If you're in the 7B–70B range with typical batch sizes and context windows under 8K, the H100 SXM is your best cost-performance option. Its 3.35 TB/s bandwidth and native FP8 support at 1,979 TFLOPS make it highly efficient for modern quantized models (Source: NVIDIA H100 Tensor Core GPU Datasheet, 2023).
Plus, if you're using TensorRT-LLM or vLLM with dynamic batching, you'll extract more throughput per dollar than you would on an A100.
For sub-7B models with low concurrency, or for internal tooling and demos, the L4 or a managed inference API is probably cheaper than running a full H100 instance at low utilization.
FAQ
What's the cheapest way to run Llama 3 70B inference? That depends on your traffic. At high utilization (60%+), a single H200 SXM typically delivers the best cost-per-token for 70B models. At low or unpredictable traffic, a managed inference API avoids GPU idle costs entirely.
Check gmicloud.ai/pricing for current rates on both paths.
How much VRAM does Llama 3 70B need?
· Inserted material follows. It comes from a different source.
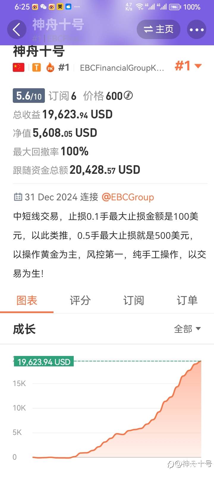 跟单说明:因为0.1手止损100美元不适合目前的行情,设10个点止损行情就是奔止损去的,止损会稍微加大,方向没错,避免毛刺单子被扫出去,会稍微容忍止损大点,(不是抗亏损单,不是让亏损单导致大亏损,单纯一天波幅100美元以上设置10点止损不合适)另外因为我是全程用手机交易,一个一个设置止盈止损的确时间来不及,虽然没设,但绝不会容忍账户大回撤,风控永远第一位,新手止损要一单一单设,老手被市场教训多了早已经风声鹤唳,无形止损是追求效率,交易十年,绝对对各位跟单负责,把你们的账户看的和自己一样,我的交易是靠盘感➕技巧,而不是分析,本来因为我是手机交易不好分析自己单子,挂平台主要分析自己单子数据,但有人跟单,我还是会尽心尽力!合作共赢!

In FP16, approximately 140 GB — right at the H200's limit. In FP8 (using TensorRT-LLM or vLLM's FP8 mode), you can fit it in around 70–80 GB, which means a single H100 SXM with some headroom for KV-cache.
Does the A100 still make sense for LLM inference? For smaller models (7B–13B) where you're optimizing for cost over throughput, yes. For anything 30B and above, or workloads requiring FP8 for speed, the H100 typically delivers better cost-per-token despite the higher hourly rate.
The A100's 2.0 TB/s bandwidth bottlenecks decode on large models (Source: NVIDIA A100 Tensor Core GPU Datasheet).
Is the H200 worth the extra cost over H100? For 70B+ models or long-context workloads, the H200's 1.9x inference speedup on Llama 2 70B (NVIDIA H200 Tensor Core GPU Product Brief, 2024) means you serve roughly 1.9x more tokens per GPU-hour.
The ~19% price premium often results in lower cost-per-token for these workloads.
What's the difference between a GPU instance and an inference API? A GPU instance gives you a dedicated GPU to configure and serve however you want. An inference API gives you a pre-deployed model endpoint where you pay per request.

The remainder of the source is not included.